Last quarter, Alibaba’s revenue and EPS slightly missed expectations due to heavy AI and cloud infrastructure investments; however, I don’t see this as a red flag—here’s why:
Cloud and AI Growth: Alibaba’s cloud segment grew 18% YoY, with EBITDA surging 69% to $333 million. AI-related revenue posted triple-digit YoY growth for the seventh consecutive quarter. The Qwen3 series, Alibaba’s leading open-source large language model (LLM), strengthens its dual leadership in AI and cloud, a unique synergy no other company globally matches.
E-commerce Strength: Taobao and Tmall revenues rose 9%, with EBITA up 8%. The premium 88VIP membership grew double-digits, surpassing 50 million users. Customer Management Revenues (CMR) increased 12%, with strong growth projected through 2026.

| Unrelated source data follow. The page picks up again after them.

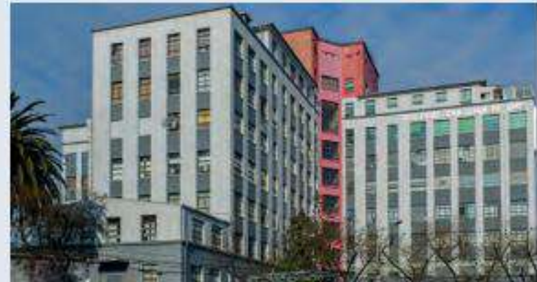
▲ Hospital San Juan de Dios, parte del Sistema Nacional de Servicios de Salud (SNSS).
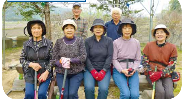
グラウンドゴルフ/骨密度チェック 試合に向けて、練習に打ち込みました
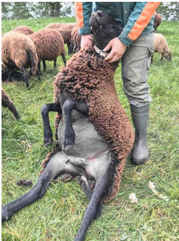
Beprobung eines hockenden Schafes. Prélèvement d'un échantillon sur un mouton retourné.

Die Moderhinke ist in der Schweiz für erhebliche wirtschaftliche Verluste und vermindertes Wohlergehen bei Schafen verantwortlich, deshalb ist seit einigen Jahren ein nationales Bekämpfungsprogramm unter der Leitung des Bundesamtes für Lebensmittelsicherheit und Veterinär-
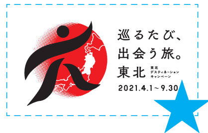
■保護エリア内への要素の追加
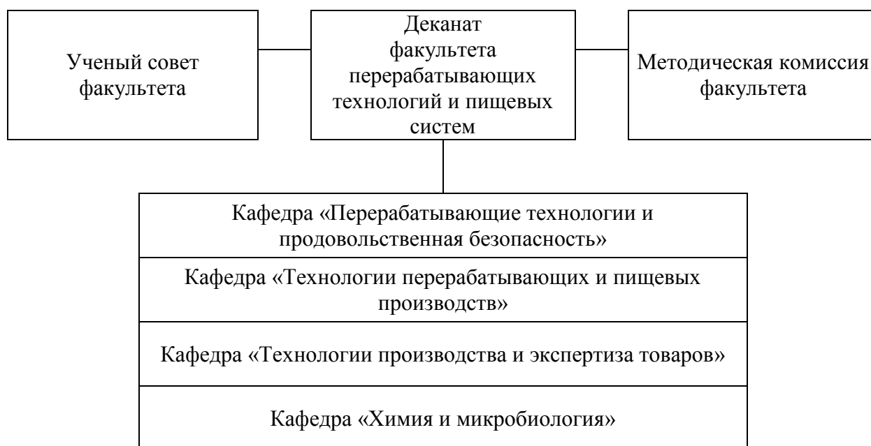
Рисунок 1 – Структура факультета перерабатывающих технологий и пищевых систем ФГБОУ ВО Волгоградский ГАУ

Подготовка магистров по образовательной программе высшего образования по направлению подготовки 19.04.02 Продукты питания из растительного сырья направленность (профиль) «Прогрессивные технологии в разработке продуктов питания из растительного сырья» (далее – образовательная программа) ведется на факультете перерабатывающих технологий и пищевых систем ФГБОУ ВО Волгоградский ГАУ ( https://volgau.ru/obrazovanie/fakultety-i-kafedry/fakultet-pererabatyvayushchikh-tekhnologiy-i-pishchevykh-sistem/ ) (рисунок 1).
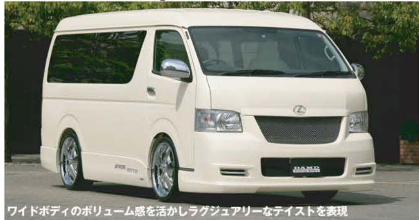
ワイドボディのボリューム感を活かしてラグジュアリーなテイストを表現
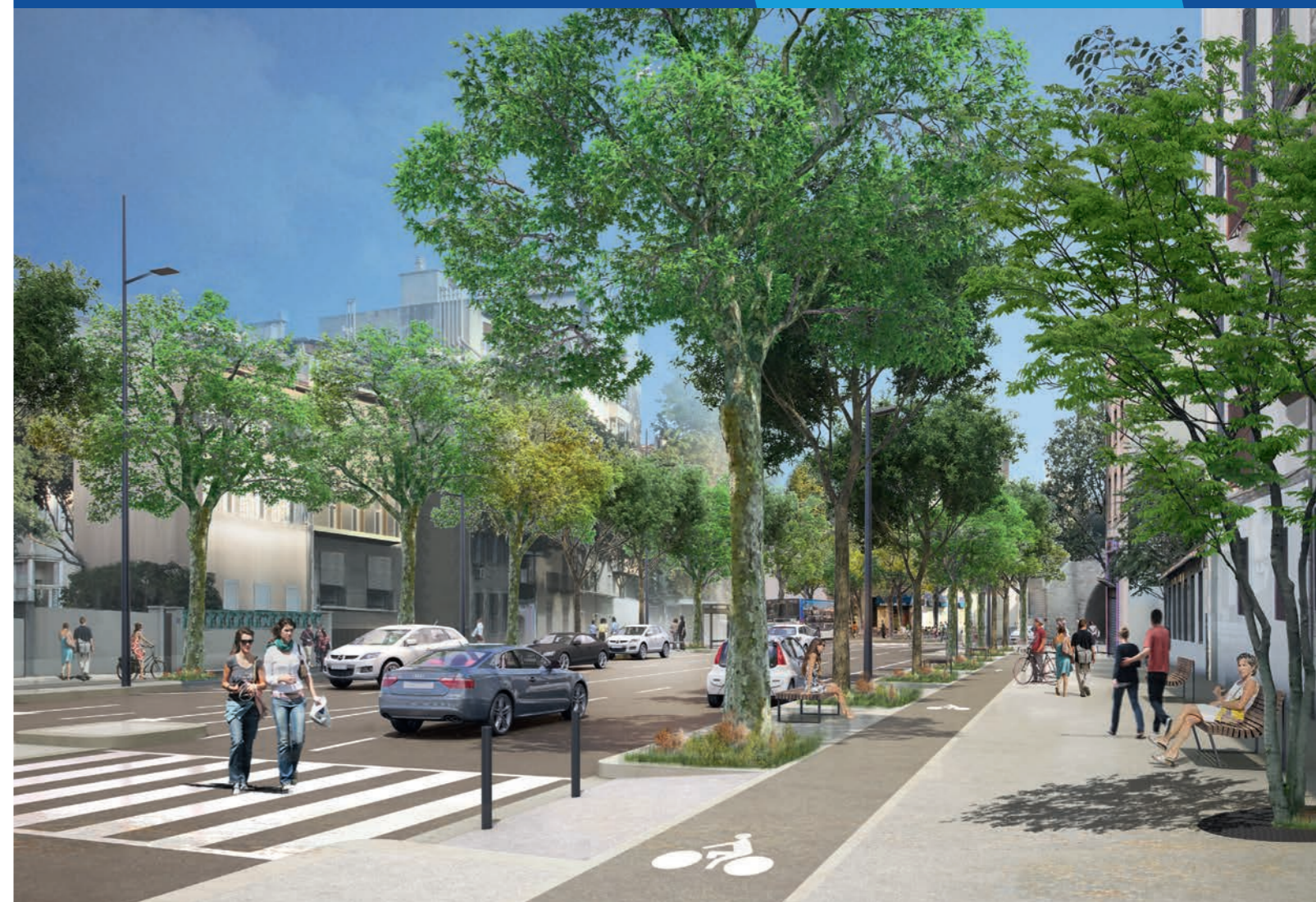
Section 3 : Françoise Duparc
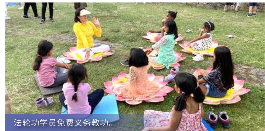
法轮功学员免费义务教功。
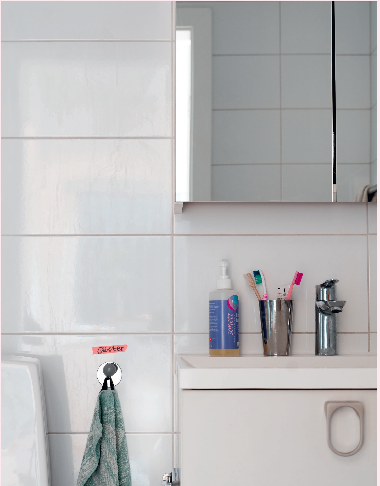
Kronan på verket är spegeln som aldrig visar blåmärken.
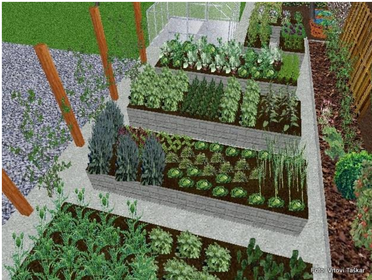
Slika 2: Vrt

Med zelenjavo sadimo čim več zelišč in cvetlic. Varovale jo bodo pred boleznimi in škodljivci, v vrt privabljale čebele in druge opraeševalke ter naravne sovražnike škodljivcev.
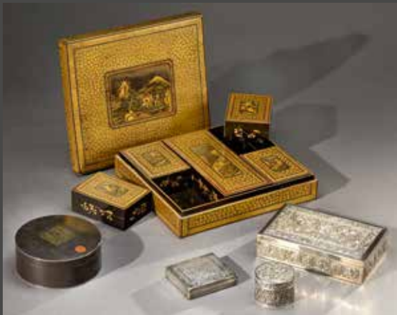
XIX e siècle - D'un ensemble de boîtes
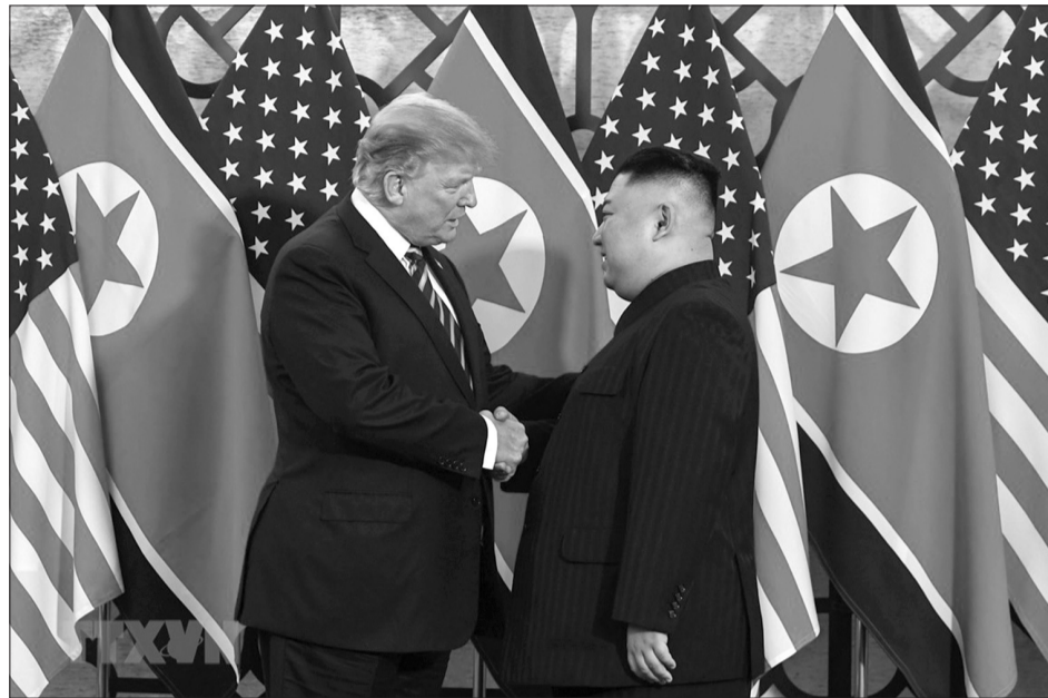
Tổng thống Donald Trump và Chủ tịch Kim Jong-un đã có cái bắt tay lịch sử tại Hà Nội.

Trước khi gặp ông Kim Jong-un vào tối ngày 27/2 tại khách sạn Metropole ở thủ đô Hà Nội, ông Trump đã có những cuộc hội kiến với Tổng Bí thư, Chủ tịch nước Nguyễn Phú Trọng và Thủ tướng Chính phủ Nguyễn Xuân Phúc. Những phát biểu của chủ và khách, những đánh giá và biểu hiện cảm nhận cũng như những chủ đề nội dung được trao đổi giữa Tổng Bí thư, Chủ tịch nước Nguyễn Phú Trọng và Thủ tướng Chính phủ Nguyễn Xuân Phúc với ông Trump đều thể hiện có sự đồng thuận quan điểm sâu rộng về thực
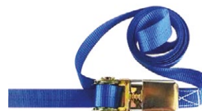
DME170/E-PD004 Sangle de sécurité
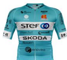
VELOCE CLUB ROUEN 76
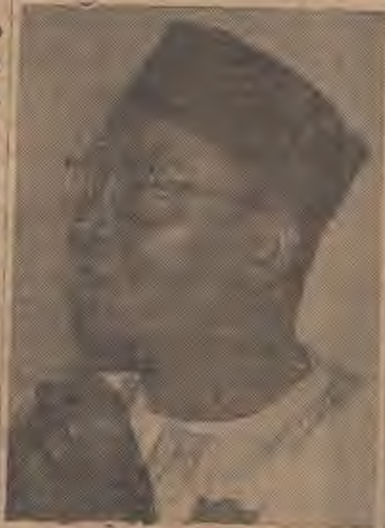
Dr. Nnamdi Azikiwe, Waziri Mkuu wa Eastern Nigeria, ambaye kwa hivi sasa yuko mjini London akihudhuria mkutano unafanyika huko kuhusu utawala wa siku zijazo wa nchi ya Nigeria. Wakuu wa Nigeria wanataka wajitawale mwaka wa 1960.

Bwana Lennox-Boyd, Waziri wa Makoloni, ambaye aliufungua mkutano huo,
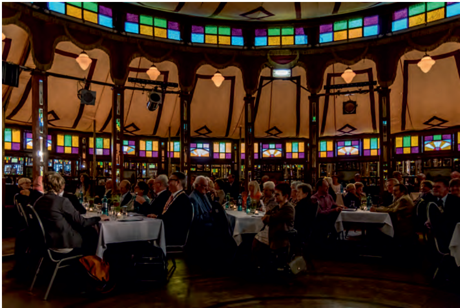
Jurate Minde und Armin Rau moderierten die Schlagerrevue

Die Veranstaltung fand im „Tipi am Schlossberg“ statt
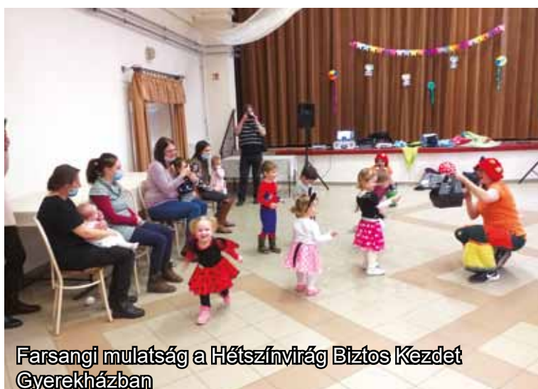
Farsangi mulatság a Hétszínvirág Biztos Kezdet Gyerekházban
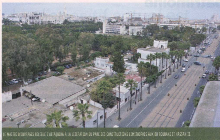
LE MAÎTRE D'OUVRAGES DÉLÈGUE S'ATTACHERA À LA LIBÉRATION DU PARC DES CONSTRUCTIONS LIMITROPHES AUX BO RoudANI ET HASSAN II.

effet, de pouvoir convaincre les gens de libérer les lieux. «Tout dépend en fait des négociations avec les propriétaires de ces bâtiments», soulignent des sources proches du dossier. Celles-ci reconnaissent que les négociations, par exemple, avec le club du basket du Widad et du CMC étaient très difficiles. Cependant, le problème aura finalement été débloqué. Selon les mêmes sources, la décision a été prise de proposer au club de Widad un terrain au niveau de l'arrondissement Mers-Sultan-Al Fida. Quant au CMC, l'alternative serait de le déplacer soit au complexe Al Amal, soit vers l'arrondissement Al Fida, est-il indiqué.
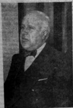
El leader socialista habla para LIBERTAD

—Concretándonos al movimiento motivado por el Proyecto del P. E., puede manifestar que resulta reconstituyente para el espíritu nacional, la actitud asumida por la inmensa
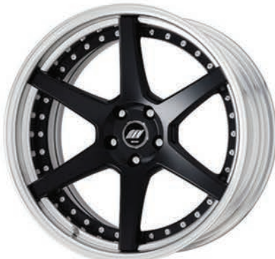
マットブラック・MBL SR 20 (ミドルコンケイブ)
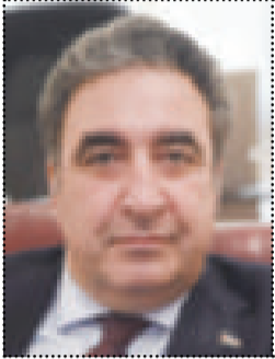
● السفير ايلخان قهرمان
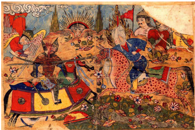
تصویر ۱۰: نقش خورشید در نگاره شقه‌کردن زید بن حسین، فالنامه طهماسبی، دوره صفویه، منبع: (پوراکبر، ۱۳)
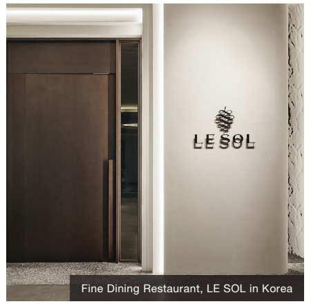
Fine Dining Restaurant, LE SOL in Korea
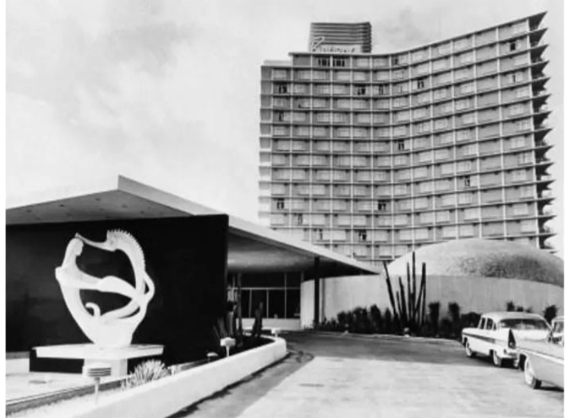
Hotel Habana Riviera

El hotel Habana Hilton, hoy Habana Libre
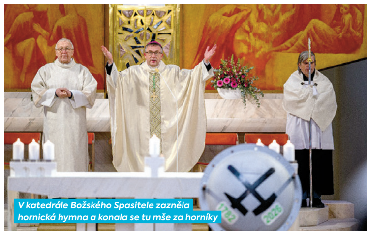
V katedrále Božského Spasitele zazněla hornická hymna a konala se tu mše za horníky
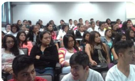
Plática cáncer de Mama
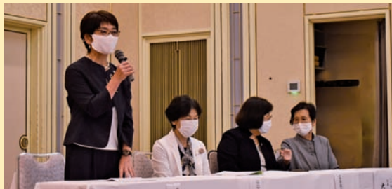
▲各県代表者一言メッセージ
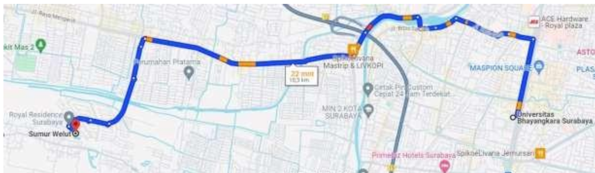
Gambar 1. Peta Perjalanan dari Ubhara Menuju Desa Sumur Welut

Desa sumur welut, kecamatan Laka Santri kabupaten Surabaya letaknya dekat dengan kabupaten Gresik area lokasi menuju desa banyak pabrik-pabrik. Jarak tempuh dari Universitas Bhayangkara Surabaya ke Desa Sumur welut kurang lebih 25 menit disesuaikan dengan lalu lintas (10,3 km) jika menggunakan kendaraan motor [ 2 ].
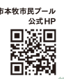
横浜市本牧市民プール 公式HP

開業日：2023年7月上旬 所在地：中区本牧元町 46-1 アクセス：ブルーライン 横浜駅から市営バス8・105系統、根岸駅から市営バス54・91・97系統「本牧市民公園前」下車すぐ *営業時間や利用料金など、詳細は公式HPをご確認ください(6月下旬から掲載予定) *プール入場券と市営バス乗車券のお得なセット券も販売します
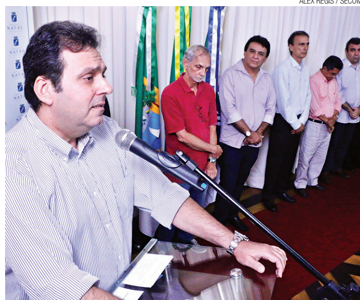
ALEX RÉGIS / SECOM
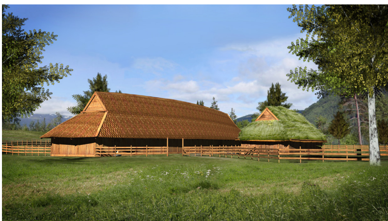
Figur 3. Rekonstruksjon av Eidegården. Grafikk Arkikon.

Det kan selvfølgelig diskuteres om storgården på Eide virkelig tilhørte Eivebøhøvdingen, men mye tyder på nettopp dette. For det første er det en geografisk nærhet mellom grav og gård. Graver i jernalderen ligger gjerne på gården, sjelden mer enn 200 meter fra hverandre (Skre 1998:226). For det andre vitner dateringene av både gård og grav om en nærhet i tid, da begge er daterbare til folkevandringstiden. Dateringene på Eivebøgraven ligger på ca. AD 475-525, ut fra gravgavene (Fjelberg 2008). Den yngste dateringene av hovedbygningen på Eidegårdens andre fase, BETA-200775, dateres til 1530±60 BP (AD 360-480) (Diinhoff 2007:41).

Cainiao and AIDC: While Cainiao (logistics) and AIDC (international e-commerce) underperformed, these are growth bets, not structural issues. Cainiao’s integration enhances delivery efficiency, and AIDC’s platforms (AliExpress, Lazada) are expanding globally, particularly in Southeast Asia.
Capital Returns: Alibaba returned $16.5 billion to shareholders in FY2025 ($11.9 billion in buybacks, reducing share count by 5.1%, and $4.6 billion in dividends). Non-core asset sales, like Sun Art, could yield $2.6 billion more.
Alibaba’s AI investments, while pressuring short-term free cash flow, position it as the cheapest way to play the AI boom in a market transitioning to consumption. Its stake in Ant Group, poised for a future IPO, and strategic investments in smaller firms via free AI/cloud services add further upside.
Conclusion
This quarter’s robust earnings, with S&P 500 EPS growth tracking at 13.5% YoY, well above the expected 6%, signal a resilient market despite tariff concerns. Consumer and business spending remain strong, and with credit card balance trends healthier than pre-2019 levels, the economy is on solid footing. The market offers tactical opportunities to buy pullbacks, but the easiest money lies in owning great companies at discounted prices. Alibaba stands out as the best way to play China’s consumer-driven transformation and the global AI race. For long-term investors, I recommend reviewing Alibaba’s latest earnings call transcript to appreciate its full potential. Other China plays like Estée Lauder (EL) and JD.com (JD) are also on my radar. I’ll do a deeper dive into these in a future article.
Thanks Dman. Appreciate the info. I have a position in BABA today, but agree that buying the dip has merit and will increase my position.